5. Geben Sie ein Beispiel und sprechen Sie selbst ruhig und deutlich.

6. Bleiben Sie geduldig und bitten Sie freundlich um Wiederholung, wenn Sie etwas nicht verstanden haben.

7. Täuschen Sie nicht vor, verstanden zu haben, wenn das nicht der Fall ist.

8. Genieren Sie sich nicht zu bekennen, etwas falsch verstanden zu haben. Tragen Sie es mit Humor und sagen Sie Ihren Gesprächspartnern, WAS Sie verstanden haben.

9. Versuchen Sie, sich in einer Gesellschaft neben Teilnehmer zu setzen, die deutlich sprechen und Sie auf der Höhe des Themas halten können.

10. Versuchen Sie, Ihre gute Laune zu bewahren, auch wenn Sie manchmal nicht mitreden können.

11. Wenn Anstrengung, Ermüdung oder das Gefühl, ausgeschlossen zu sein, Sie bedrücken, so machen Sie Ihre Partner freundlich darauf aufmerksam. Laufen Sie nicht einfach weg. Das ruft nur Verwunderung hervor und bessert nichts.

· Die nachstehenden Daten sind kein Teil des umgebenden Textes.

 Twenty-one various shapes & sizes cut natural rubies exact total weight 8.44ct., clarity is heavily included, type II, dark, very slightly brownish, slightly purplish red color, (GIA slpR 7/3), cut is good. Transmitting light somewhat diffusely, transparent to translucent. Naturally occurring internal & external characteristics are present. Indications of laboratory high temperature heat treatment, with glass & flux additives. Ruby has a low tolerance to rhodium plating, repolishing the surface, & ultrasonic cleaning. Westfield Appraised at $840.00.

12. Wenn Sie an Geburtstagsfeiern oder anderen geselligen Veranstaltungen nicht teilnehmen möchten, so sagen Sie es vorher. Niemand wird es Ihnen übelnehmen.

13. Üben Sie das Absehen vom Mund und versuchen Sie, sich so Ihren gesellschaftlichen Platz zu erhalten.

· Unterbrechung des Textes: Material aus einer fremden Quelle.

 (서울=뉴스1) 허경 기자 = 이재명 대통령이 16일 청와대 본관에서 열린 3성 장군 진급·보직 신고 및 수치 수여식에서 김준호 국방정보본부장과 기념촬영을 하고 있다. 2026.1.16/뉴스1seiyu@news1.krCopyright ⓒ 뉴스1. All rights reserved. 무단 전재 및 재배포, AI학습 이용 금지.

14. Falls Sie handelsübliche Türklingeln nicht hören, lassen Sie diese durch tieffrequente laute "Summer" – vielleicht auch in Verbindung mit einem Lichtsignal – ersetzen. Zum Telefonieren (mit oder ohne Hörgerät) haben Sie die einfache Möglichkeit, einen regelbaren Verstärker in Ihr Telefon einbauen zu lassen. Auch für Rundfunk- und Fernsehgeräte gibt es vielfältige Hilfsmittel, die Hörbehinderten störungsfreien Empfang ermöglichen, ohne daß die hörende Umgebung durch zu große Lautstärke belästigt wird.

15. Setzen Sie gezielte Nachfragetechniken ein, d.h. fragen Sie nicht einfach "was?" oder "wie bitte?", sondern wiederholen Sie nach Möglichkeit, was Sie bereits verstanden haben. Dann weiß Ihr Gegenüber, wo die Wiederholung einsetzen kann.

16. Erklären Sie Ihre Hörbehinderung möglichst anschaulich, d.h. nicht nur "mit 80% Hörverlust", sondern Sie haben einen Hochton- oder Tieftonverlust etc. Verwenden Sie dafür anschauliche Beispiele aus dem Alltag.

17. Finden Sie in einer Gesellschaft die Sitzordnung, wo der größte Überblick möglich ist. Nutzen Sie zudem das Licht, in dem Sie sich VOR die hellste Lichtquelle im Raum platzieren, damit die Gesichter der anderen erleuchtet sind. Vermeiden Sie die unmittelbare Nähe zu Geräuschquellen wie Küche, Lüfter, Lautsprecher etc.